Design and development
In the 1990s, China purchased Sukhoi Su-27 air superiority fighters from Russia, including those license-produced in China as the Shenyang J-11A. The J-11A was further developed into the J-11B single seat and BS twin seat variant with indigenous technology. The J-16 is a strike aircraft derived from the J-11BS model.

The J-16 is equipped with an AESA radar and is powered by two Chinese Shenyang WS-10A turbofan engines. Weight is reduced through greater use of composite materials. J-16 units have received radar-absorbent paint to reduce its radar signature, and enhance its Suppression of Enemy Air Defenses (SEAD) capability in conjunction with electronic support measure pods.

The cockpit is fitted with helmet-mounted display (HMD) system to improve pilot’s situational awareness.

The electronic warfare version of the fighter, named J-16D, was developed in 2010s. The aircraft reportedly made its first flight in 2015. J-16D is designed to suppress enemy air defenses (SEAD), capable of housing internal jamming equipment and carrying various external electronic warfare pods.

According to aviation researcher Justin Bronk of the Royal United Services Institute, J-16 holds advantages over Russian Flanker variants with its wide application of composite materials, longer range missiles, advanced sensors, and avionics. J-16 represents a transition by the Chinese aviation industry away from a past dependence on Russian technology towards developing modern derivatives that are superior to the Russian originals in many aspects.

The Chinese military is developing advanced autonomous capabilities for its combat aircraft. In March 2021, it was reported that a J-16 variant with the backseat co-pilot replaced by an artificial intelligence algorithm called "intelligence victory" () was undergoing testing at Shenyang Aircraft Corporation. A similar aircraft was also spotted by satellite image at an experimental test base near Malan, Xinjiang in June 2021.

Operational history

The first flight is believed to have occurred in 2011-2012.

In April 2014, the PLAAF received a regiment of J-16s.

The J-16 entered service in 2015 and was officially revealed in 2017 during the People's Liberation Army's 90th anniversary parade.

In 2021, Chinese Air Force began inducting J-16D in combat training.

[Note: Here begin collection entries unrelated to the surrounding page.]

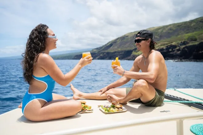 Nuoterai in acque limpide a Kealakekua Bay e scoprirai le barriere laviche selvagge lungo la costa frastagliata di Kona, guidato da esperti locali che conoscono ogni storia e angolo nascosto. Gusta un pranzo vegano fresco a bordo dopo aver avvistato pesci tropicali o magari qualche tartaruga. L’aria salmastra resta con te anche dopo esserti asciugato — questa giornata lascia il segno.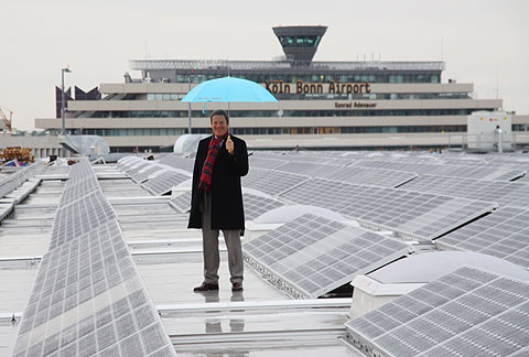![]() Zentral- und Osteuropa-Hub von FedEx Betreiber der Anlage ist die Flughafengesellschaft, die dafür drei Millionen Euro investiert hat. Es ist die bislang größte Dach-Solar-Konstruktion, die an einem deutschen Verkehrsflughafen gebaut wurde und sehr wahrscheinlich auch die größte Solar-Anlage auf einem Gebäude in NRW. ![]() Solarmodule „Wir setzen nachhaltig auf regenerative Energien. Diese hochmoderne Solaranlage ist ein Beispiel dafür, wie sich ökonomische und ökologische Interessen zusammenbringen lassen“, sagte der Vorsitzende der Flughafen-Geschäftsführung, Michael Garvens.„Wir setzen nachhaltig auf regenerative Energien. Diese hochmoderne Solaranlage ist ein Beispiel dafür, wie sich ökonomische und ökologische Interessen zusammenbringen lassen“, sagte der Vorsitzende der Flughafen-Geschäftsführung, Michael Garvens. ![]() Flughafenchef Michael Garvens „FedEx Express sieht es als seine Verpflichtung an, die Welt ebenso schnell wie verantwortungsvoll zu verbinden. Das Umschlagzentrum in Köln wird dazu einen wichtigen Beitrag leisten“, sagte Bernhard Schloemer, Managing Director Operations, Zentral- und Osteuropa bei FedEx Express. Jedes der 1,66 Quadratmeter großen Solar-Module erzeugt im Schnitt eine Leistung von 230 Watt. Im Jahr werden so über 800 000 Kilowattstunden sauberer Strom aus Sonnenenergie gewonnen und damit rund 423 Tonnen C02 eingespart. Mit dieser Menge könnten mehr als 160 Drei-Personen-Haushalte pro Jahr versorgt werden. Binnen 20 Jahren erzeugt die Anlage somit emissionsfrei soviel Strom, wie 3 200 Drei-Personen-Haushalte pro Jahr verbrauchen. Und bereits nach 36 Monaten kompensiert eine Photovoltaik-Anlage dieser Größe die bei der Herstellung verursachten CO2-Emissionen. Gebaut wurde die Dachanlage in rekordverdächtigen acht Wochen von der Firma Wierig Solar aus Siegburg. Außerdem hat sich der Köln Bonn Airport mit Solarmodulen der Firma Solarwatt aus Dres-den und Wechselrichtern von SMA aus Niestetal ganz bewusst für deutsche Qualitätsfabrikate entschieden. Mit den Solar-Anlagen auf dem FedEx-Gebäude und dem Cologne Bonn Cargo Center, das im März dieses Jahres in Betrieb ging und ebenfalls über Photovoltaik auf dem Dach verfügt, werden nunmehr am Flughafen Köln/Bonn jährlich über 1 Million Kilowattstunden regenerativer Strom erzeugt. FedEx Umschlagzentrum Seit Oktober 2008 bauen FedEx Express, Tochtergesellschaft der FedEx Corp. (NYSE: FDX), und der Köln Bonn Airport in Köln das neue Umschlagzentrum des Express-Dienstleisters. Auf einer Fläche von rund 50 000 Quadratmetern entsteht ein modernes Fracht- und Sortierzentrum, für das FedEx und der Flughafen gemeinsam etwa 140 Millionen Euro investieren. Der Rohbau ist bereits fertig, derzeit läuft der Innenausbau des Gebäudes. Die Arbeiten liegen voll im Zeitplan. Mitte nächsten Jahres soll das Hub eröffnet werden. An dem Umschlagzentrum wird FedEx voraussichtlich rund 450 Mitarbeiter beschäftigen. Fotos: Franz Gerd Frank für die koelnerbildagentur Text: Köln Bonn Airport |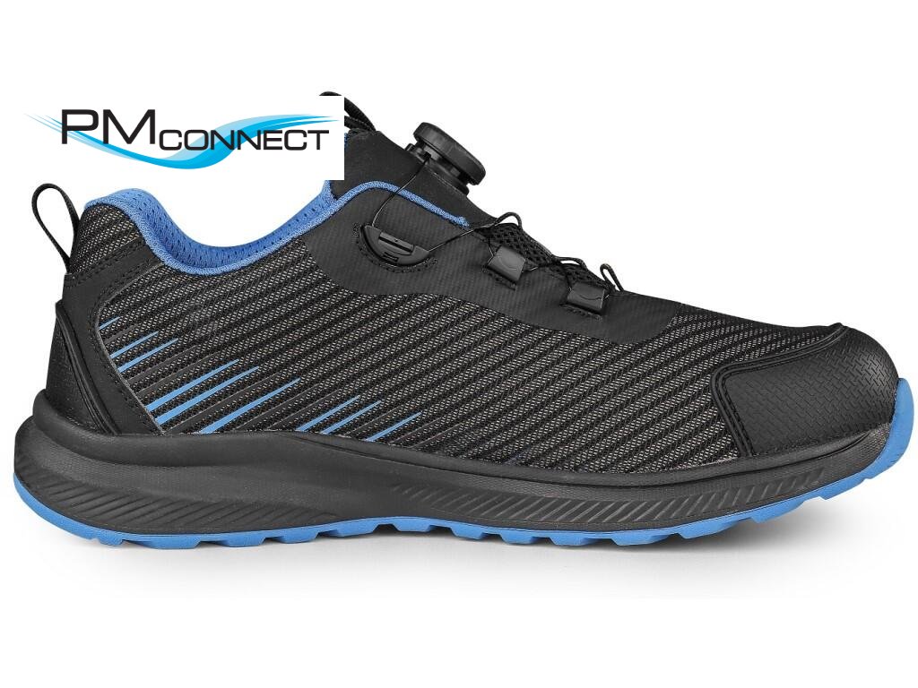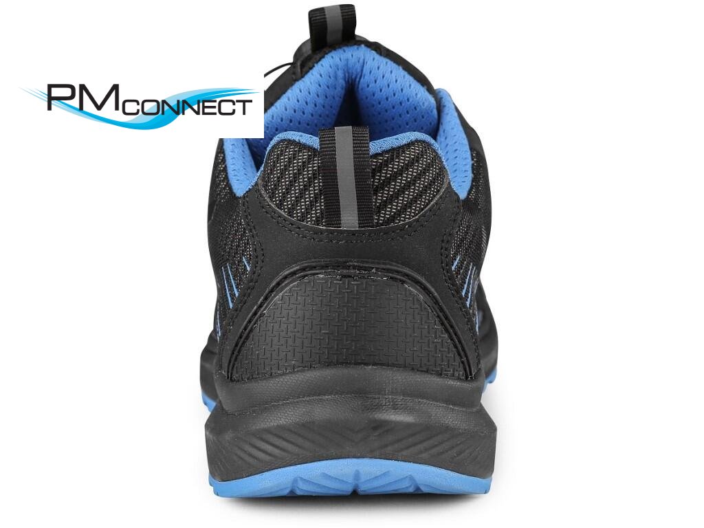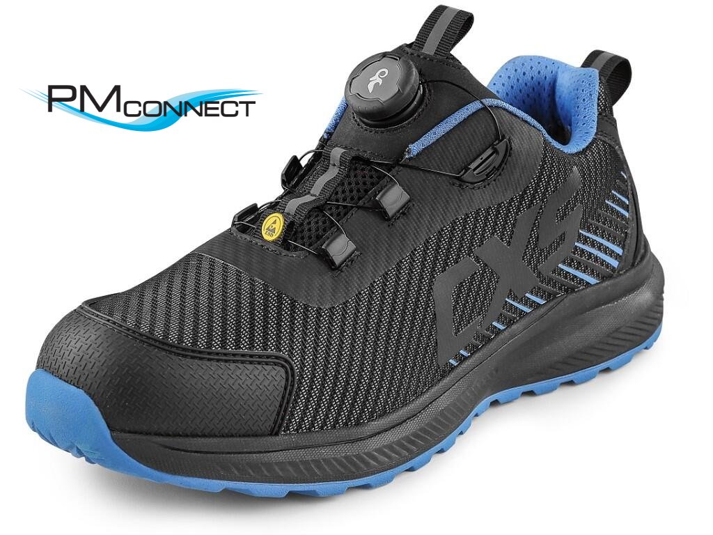 Pracovní ESD polobotka s prodyšným svrškem a reflexními doplňky. Speciální utahovací systém umožňuje rychlé stažení i uvolnění obuvi. Materiál: perforovaný textilní svršek z polyesteru, vnější ochrana okopu ze strukturovaného TPU, textilní podšívka, pohodlná anatomická vložka, podešev: EVA/guma, protiskluzová, olejivzdorná, antistatická a odolná kontaktnímu teplu do 300 °C. Vhodné pro práci v interiéru a suchých provozech.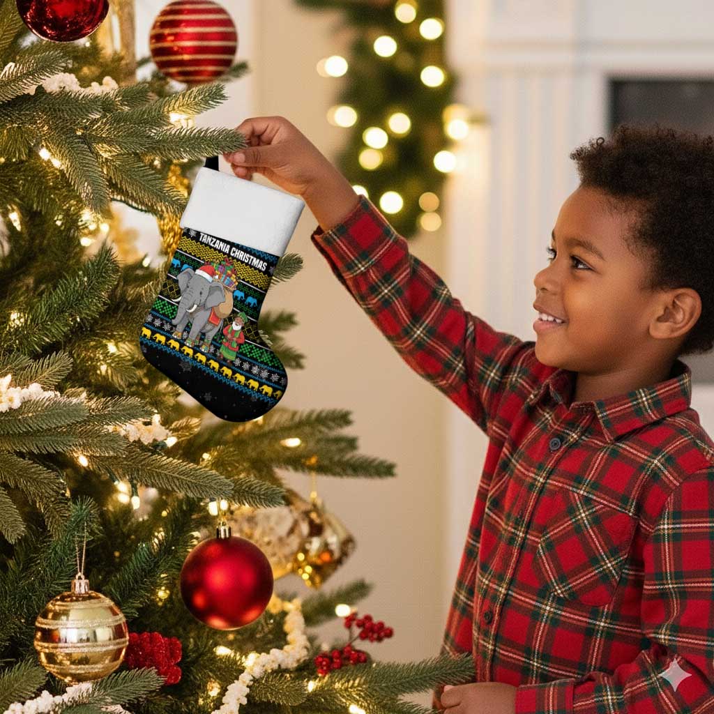 Tanzania Christmas Stocking African Santa Riding Elephant Snowflakes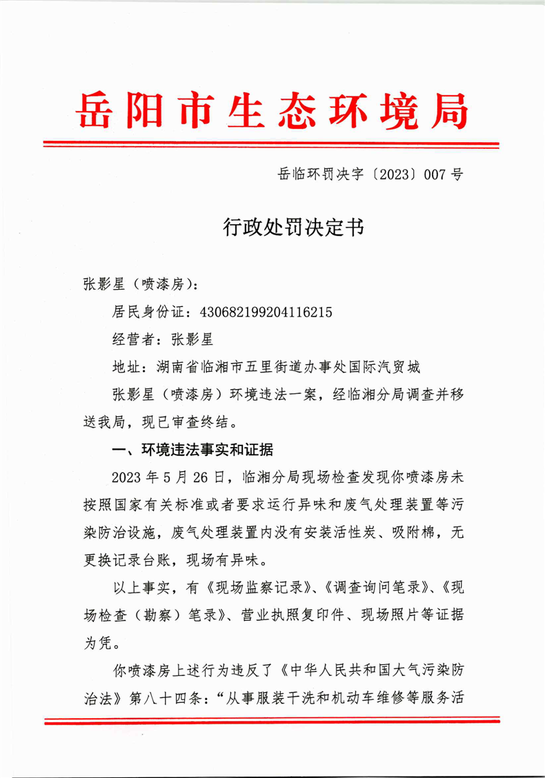 岳臨環罰決字[2023]007號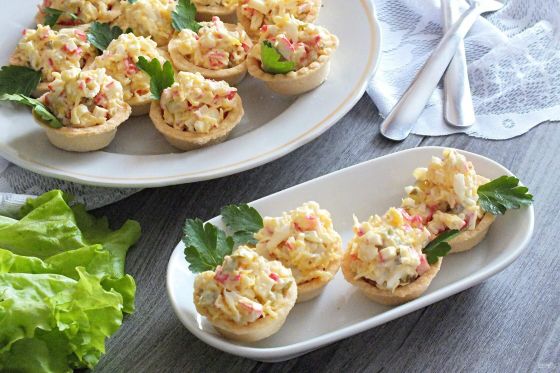 Состав: тарталетка, имитация краба, рис, кукуруза, яйцо, майонез, икра тобико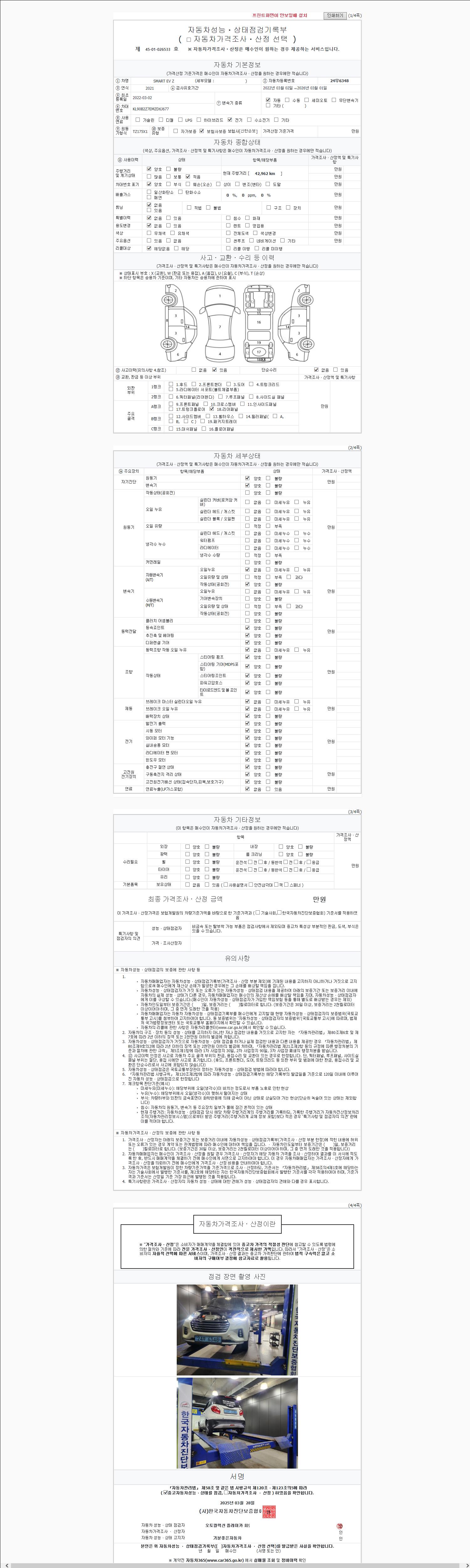 - 사고유무 : 성능기록부 참조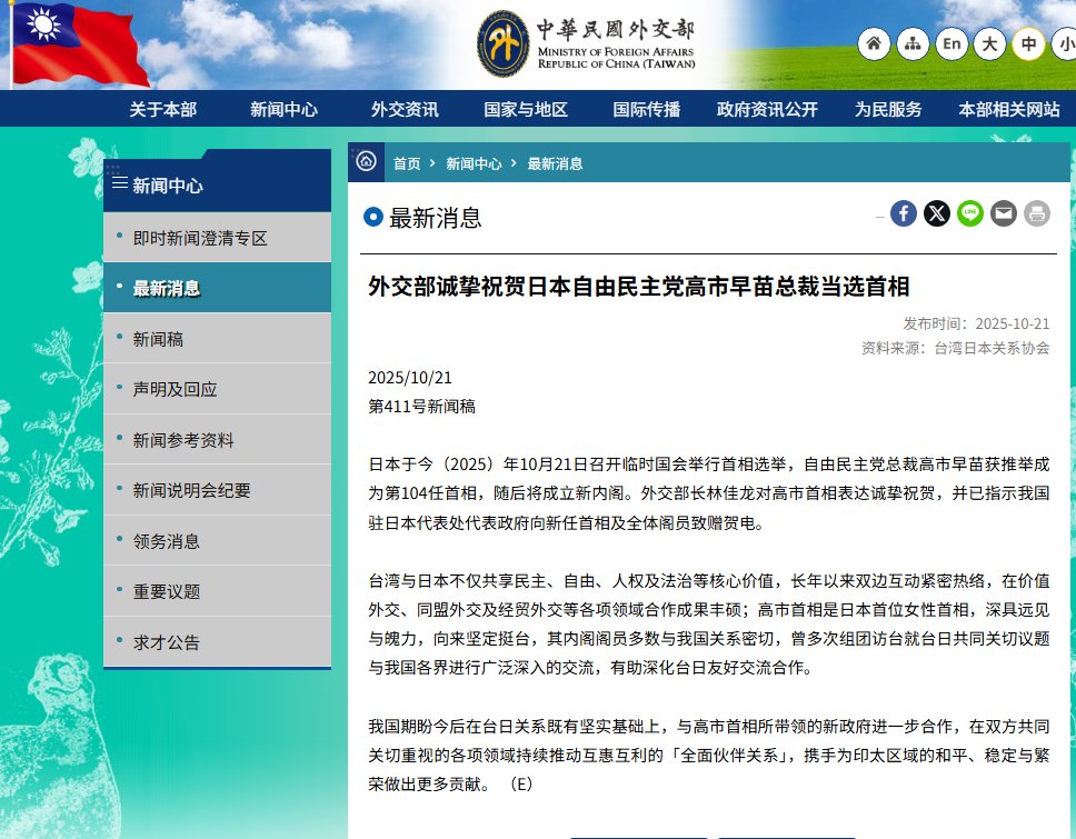 10月21日,台湾外交部祝贺日本自由民主党高市早苗总裁当选首相。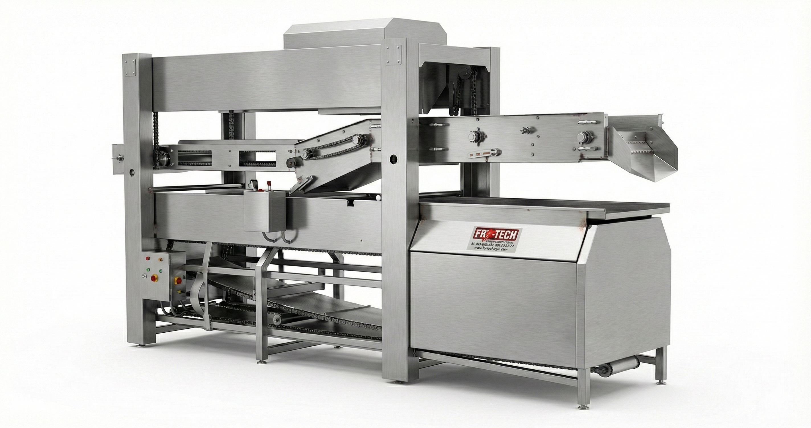 System: For the 500+ kg/hr models, the entire conveyor belt and hood lift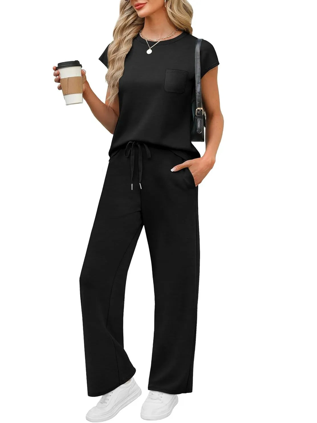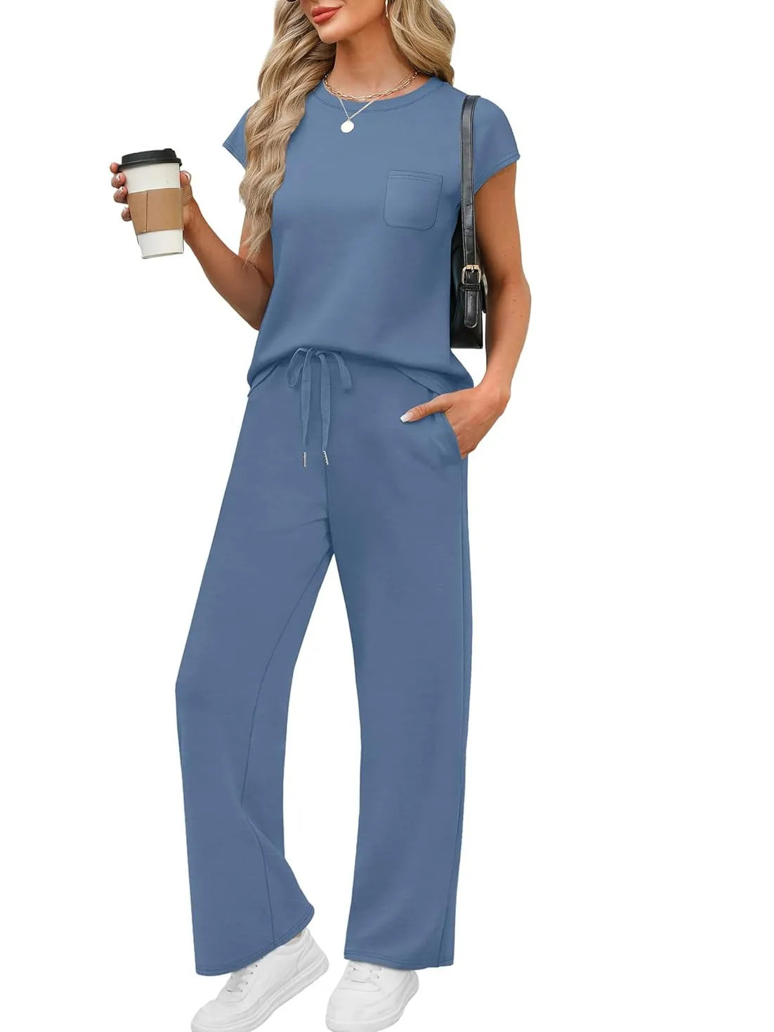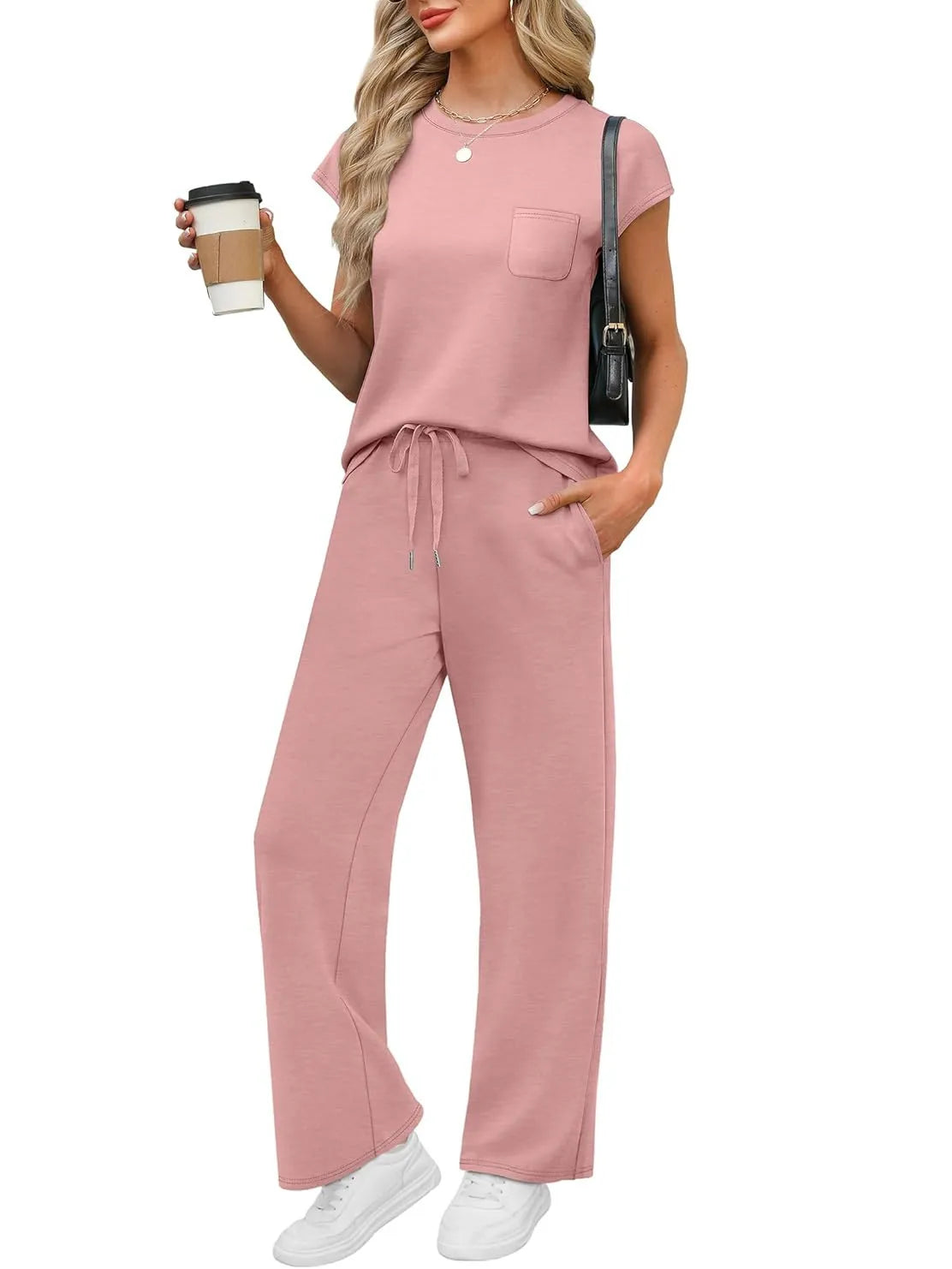 Avslappnat loungeset för kvinnor - Kortärmad topp med ficka - Dragskobyxor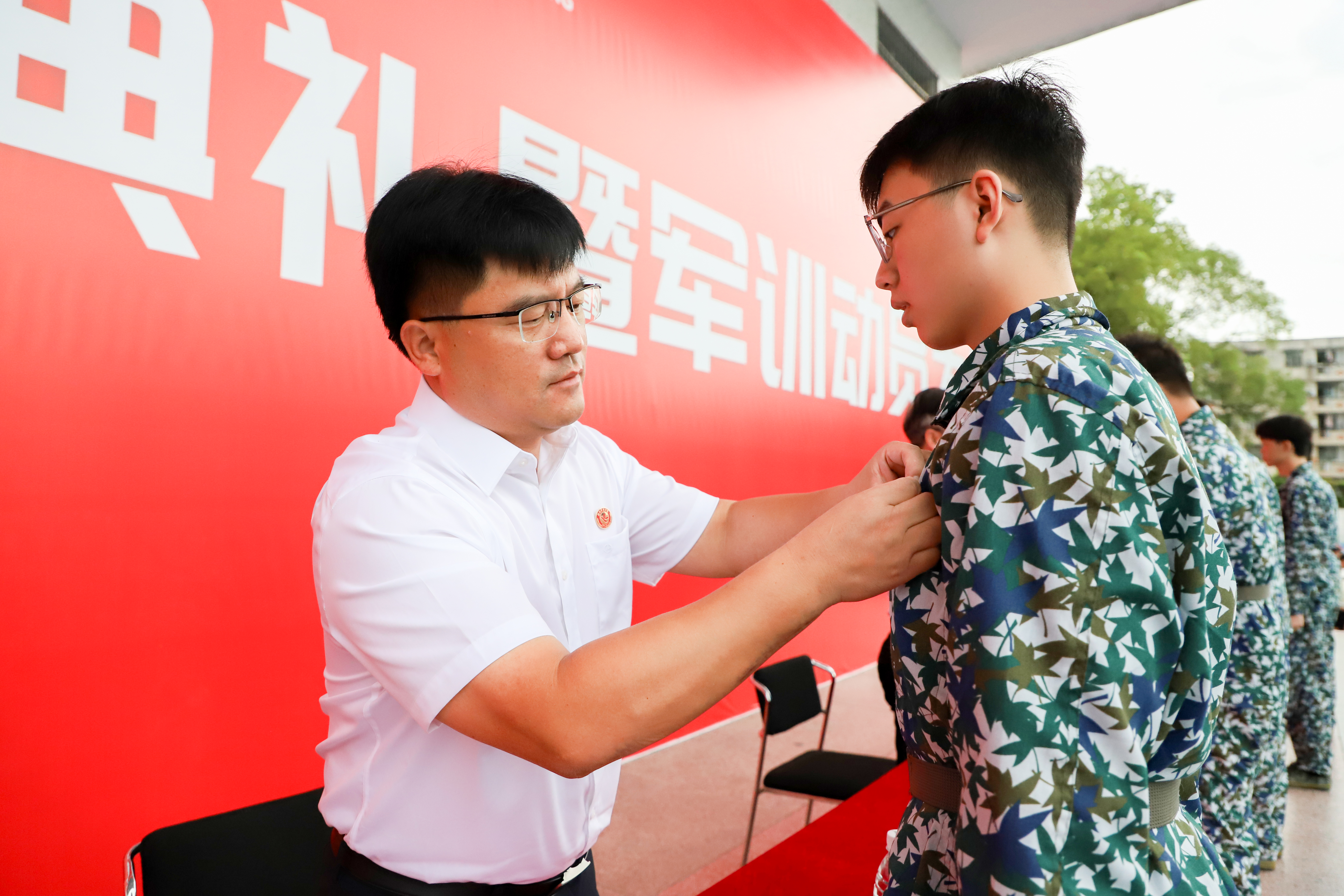 校领导、党委委员为2023级新生代表佩戴校徽,各教学学院院长、党总支书记为本院新生代表佩戴校徽。

According to the Australian Department of Defence, on 26 May 2022 a J-16 intercepted a RAAF P-8 Poseidon surveillance aircraft over the South China Sea while the latter was conducting routine maritime surveillance operations over international waters. The newly elected Australian defence minister Richard Marles said that the J-16 first flew closely alongside the P-8, released flares and then flew in front of the P-8 where it released chaff into the flight path of which some were ingested by the P-8's engine. The Australian Government lodged a protest with the Chinese Government over the incident and Marles said that Australia would not be deterred from conducting operations of the same or a similar nature in the future. According to a Chinese defense ministry spokesman, the Australian pilots acted "dangerously and provocatively," and ignored repeated warnings before the J-16 drove the Australian aircraft away. An article by the Lowy Institute, an Australian thinktank, said the interception marked an escalation in the grey zone actions that China was using to enforce its claims in the South China Sea.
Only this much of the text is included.